Recorded information:
----------
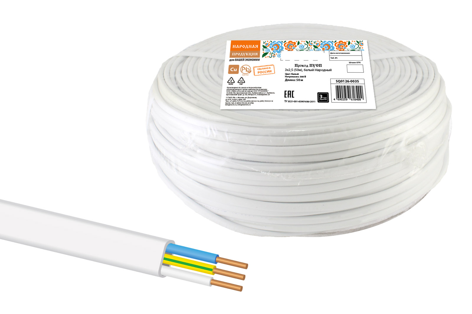 Провод ПУСП 3х2,5 (50м), белый Народный
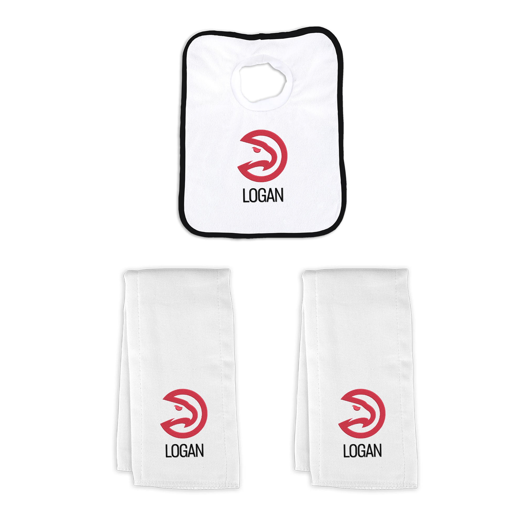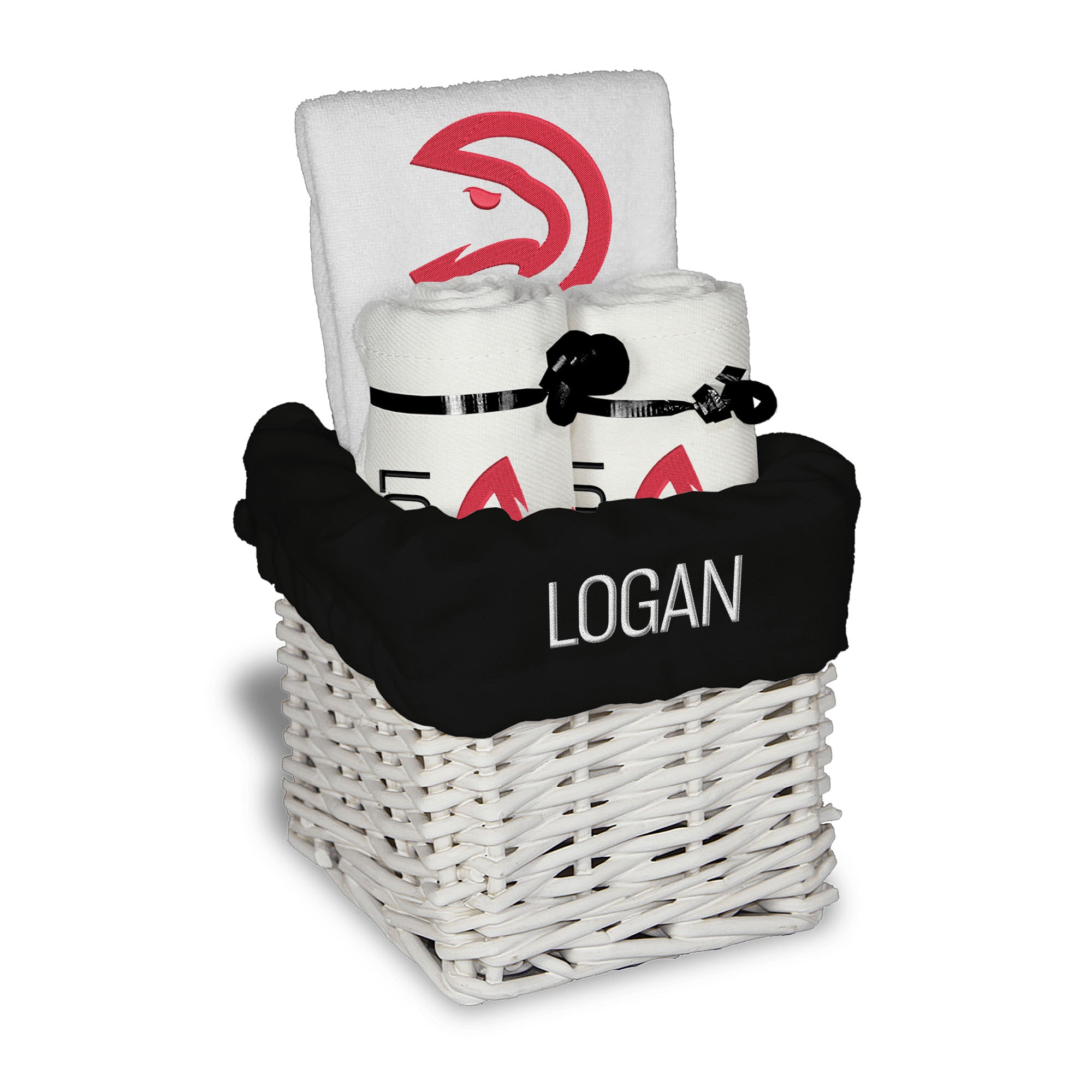 Our Personalized Atlanta Hawks Small Gift Basket contains 3 of our best-selling items packaged in a white willow basket with a personalized cotton liner. Each basket holds 2 of our 100% cotton burp cloths and a 100% cotton terry pullover bib. each piece is embroidered with the official Hawks logo and baby's name or nickname.
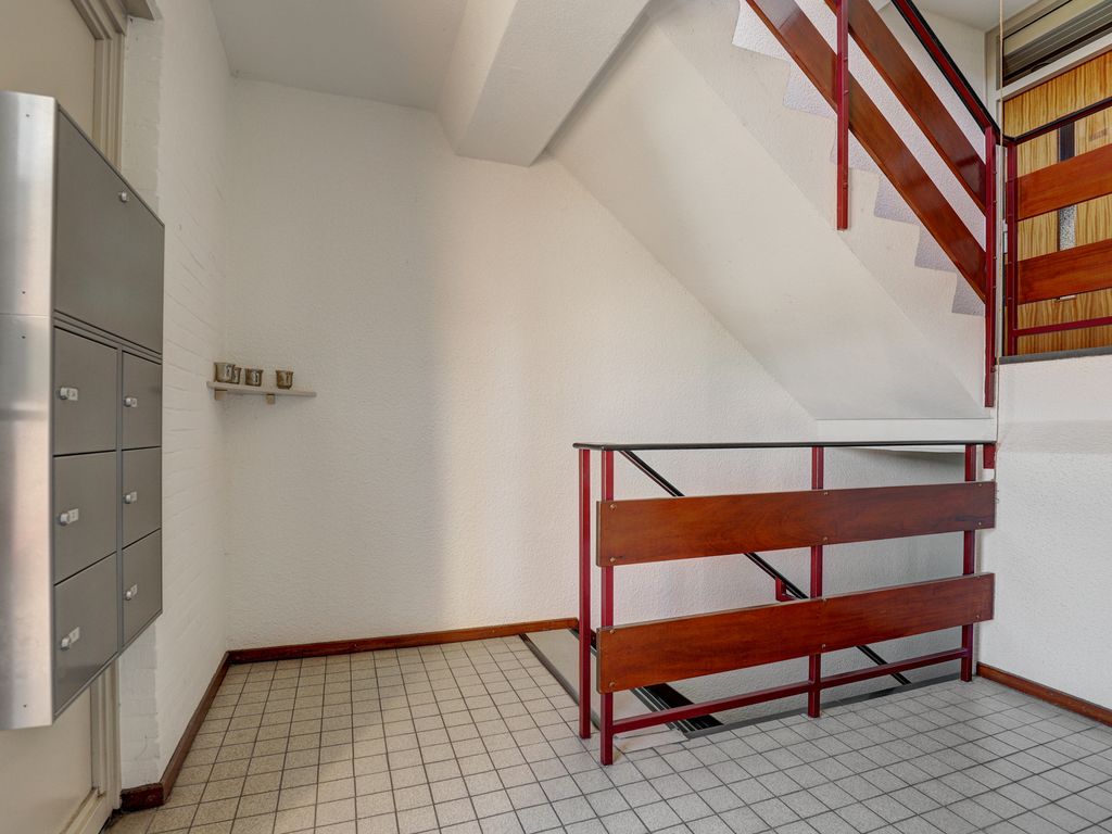 Via de centrale entree van het appartementencomplex bereikt u het trappenhuis dat toegang geeft tot de appartementen. Hier bevinden zich tevens de brievenbussen en de toegang tot de bergingen.
----------
The expected result is the complete listing above, printed exactly, with no pictures.

Answer section:
 Провод ПУСП 3х2,5 (50м), белый Народный
 Our Personalized Atlanta Hawks Small Gift Basket contains 3 of our best-selling items packaged in a white willow basket with a personalized cotton liner. Each basket holds 2 of our 100% cotton burp cloths and a 100% cotton terry pullover bib. each piece is embroidered with the official Hawks logo and baby's name or nickname.
 Via de centrale entree van het appartementencomplex bereikt u het trappenhuis dat toegang geeft tot de appartementen. Hier bevinden zich tevens de brievenbussen en de toegang tot de bergingen.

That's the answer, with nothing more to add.